Work task: Reproduce everything from the line that contains "Jean Premium Graphic" down to the line that contains "dans le garage" in the listing below, word for word and nothing more. Leave the pictures out.

Data under study:

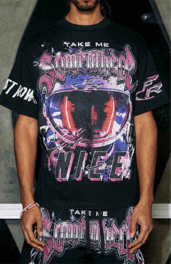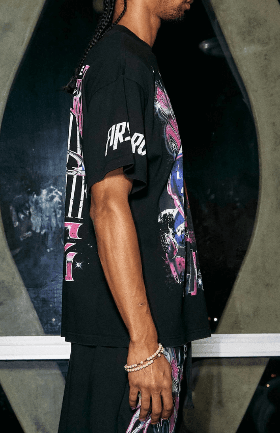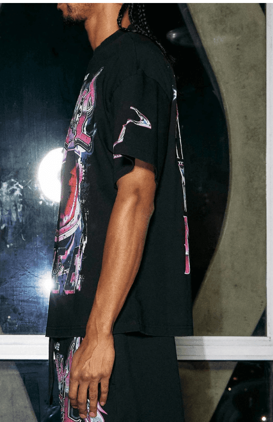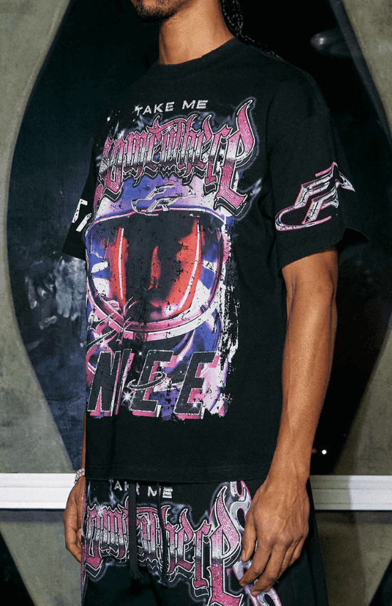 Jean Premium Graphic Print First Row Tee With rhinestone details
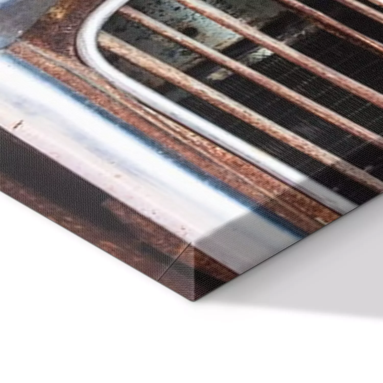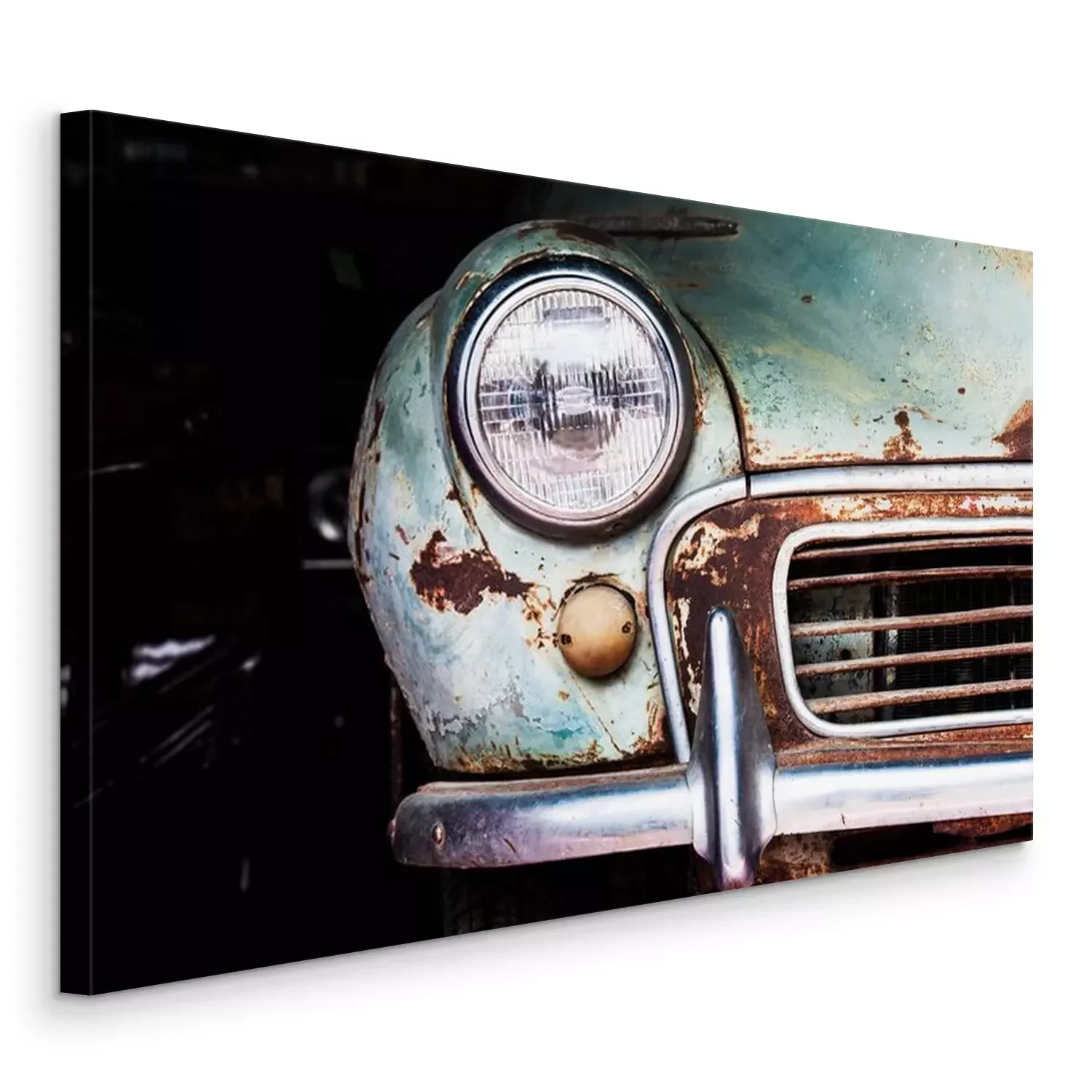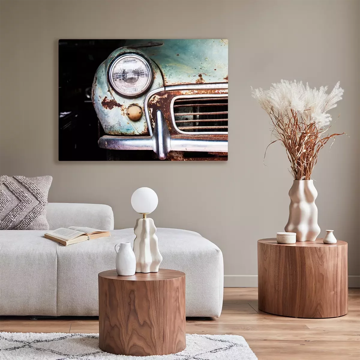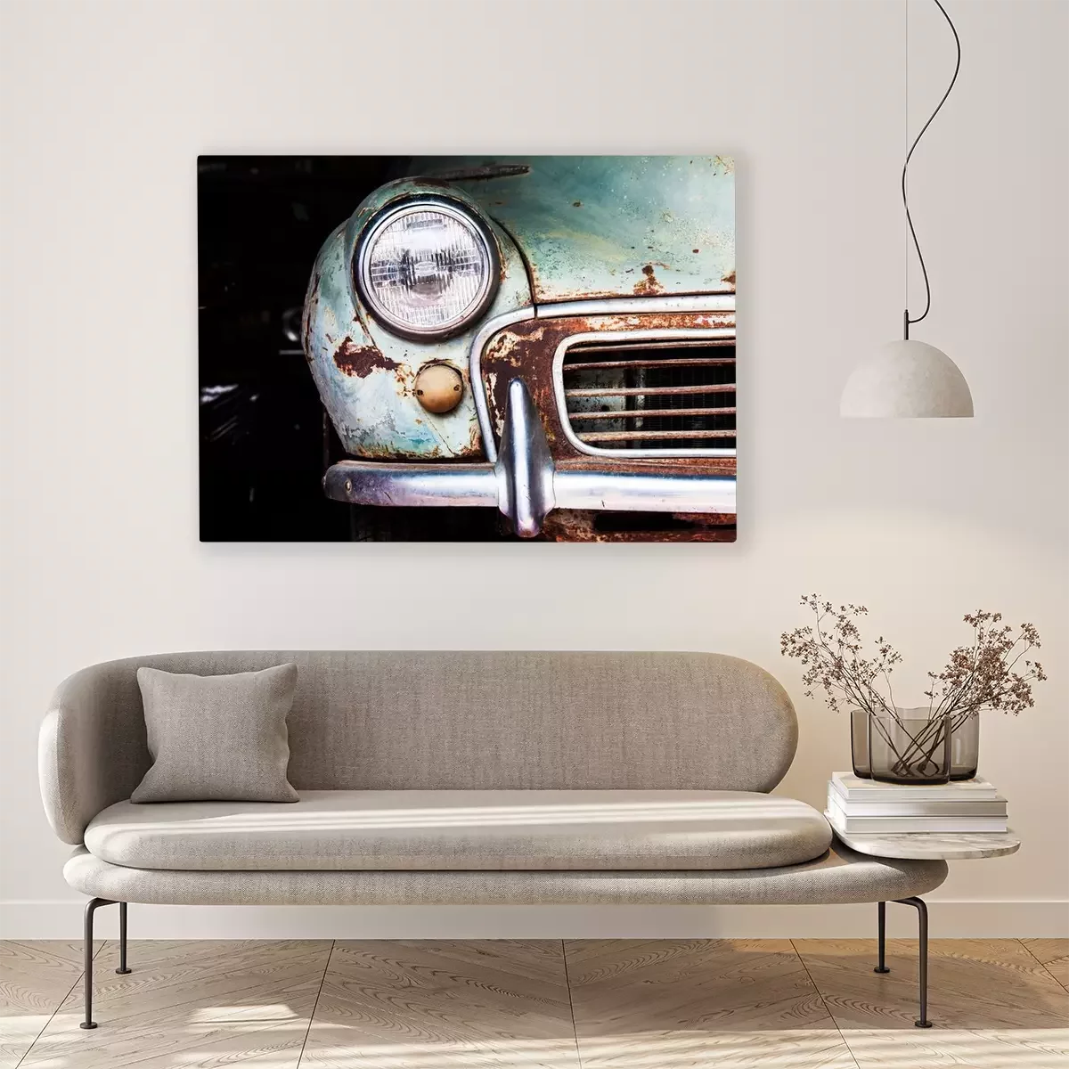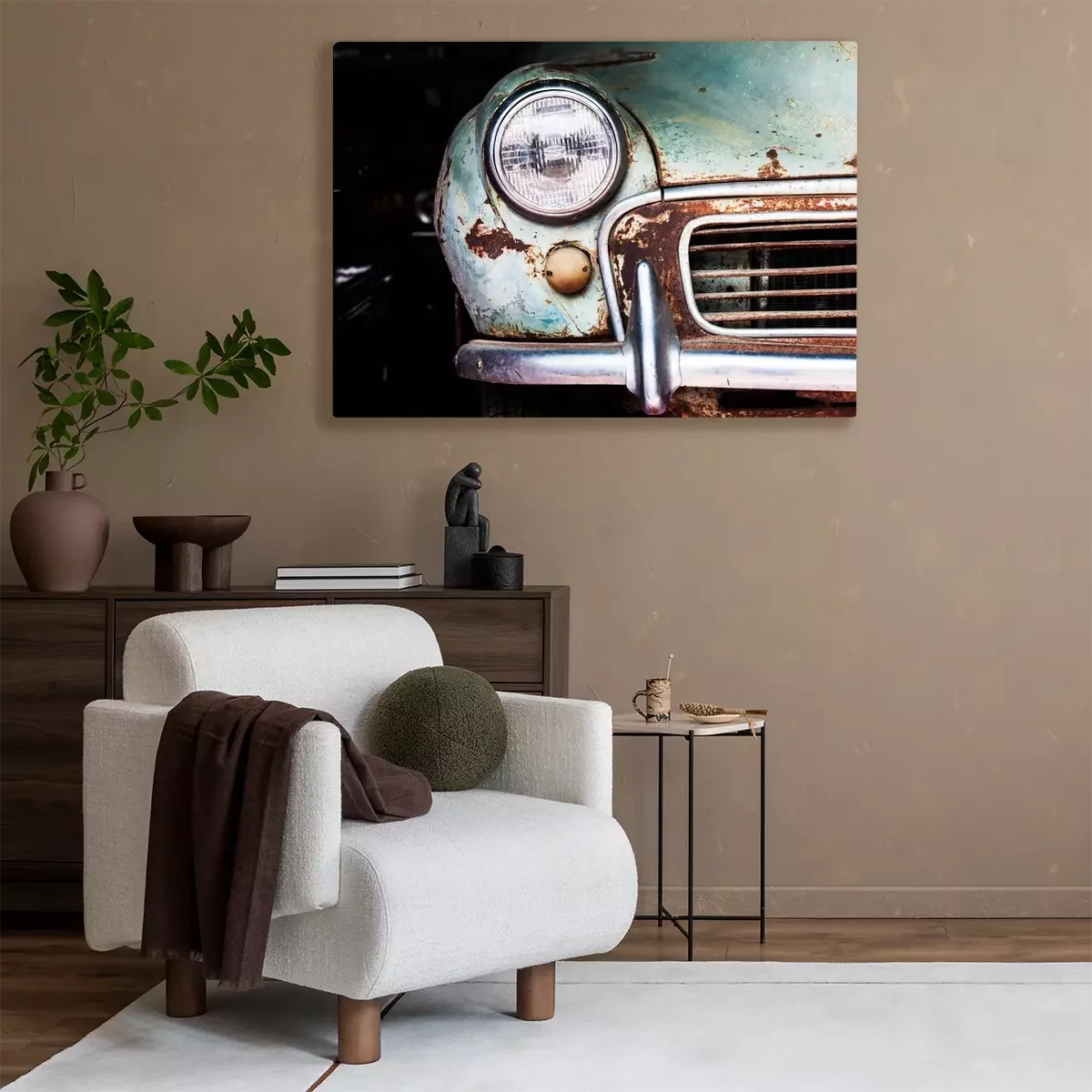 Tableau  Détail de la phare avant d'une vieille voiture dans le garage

---

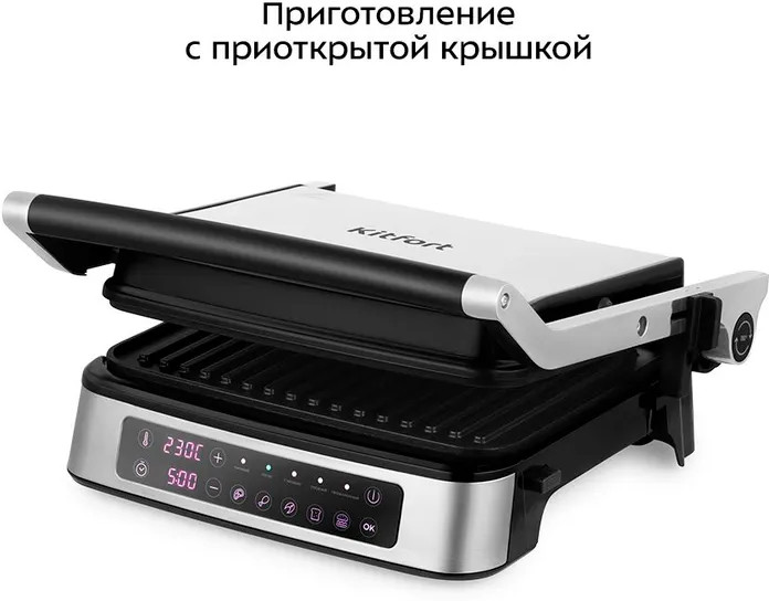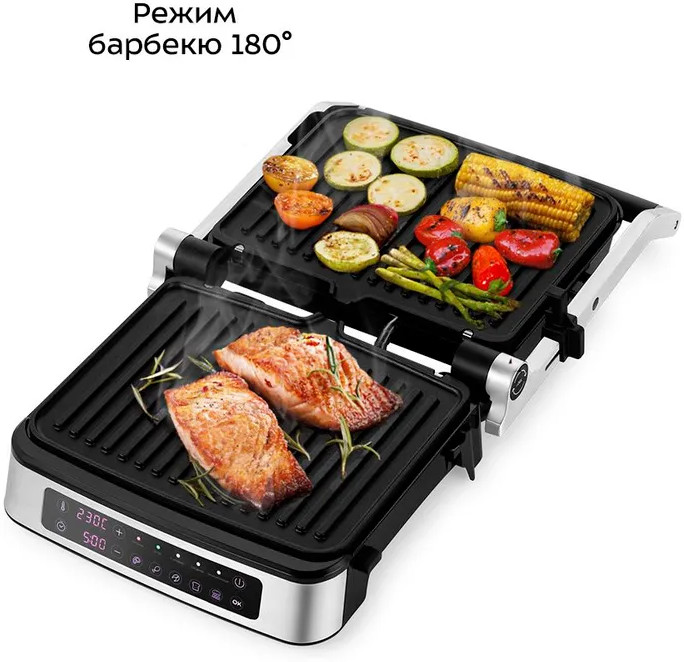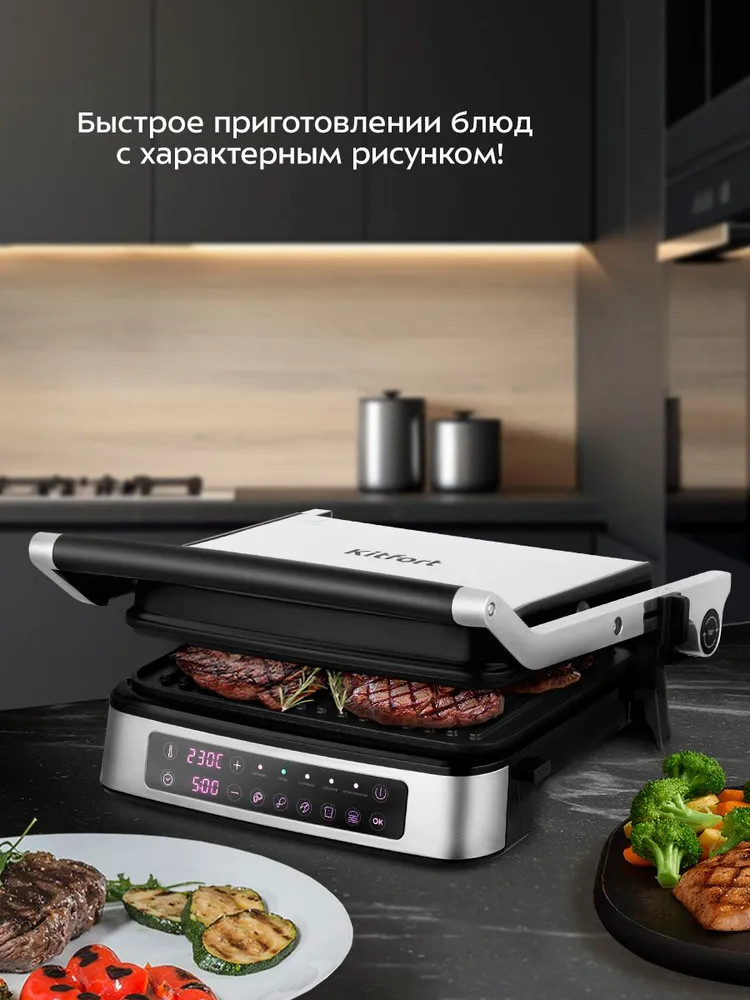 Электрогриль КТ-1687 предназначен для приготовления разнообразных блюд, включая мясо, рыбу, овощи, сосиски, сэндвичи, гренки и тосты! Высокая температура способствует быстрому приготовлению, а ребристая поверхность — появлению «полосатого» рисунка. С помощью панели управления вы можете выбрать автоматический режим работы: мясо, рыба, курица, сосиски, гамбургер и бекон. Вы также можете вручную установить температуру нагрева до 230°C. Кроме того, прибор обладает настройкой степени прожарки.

Answer box:
 Jean Premium Graphic Print First Row Tee With rhinestone details
 Tableau  Détail de la phare avant d'une vieille voiture dans le garage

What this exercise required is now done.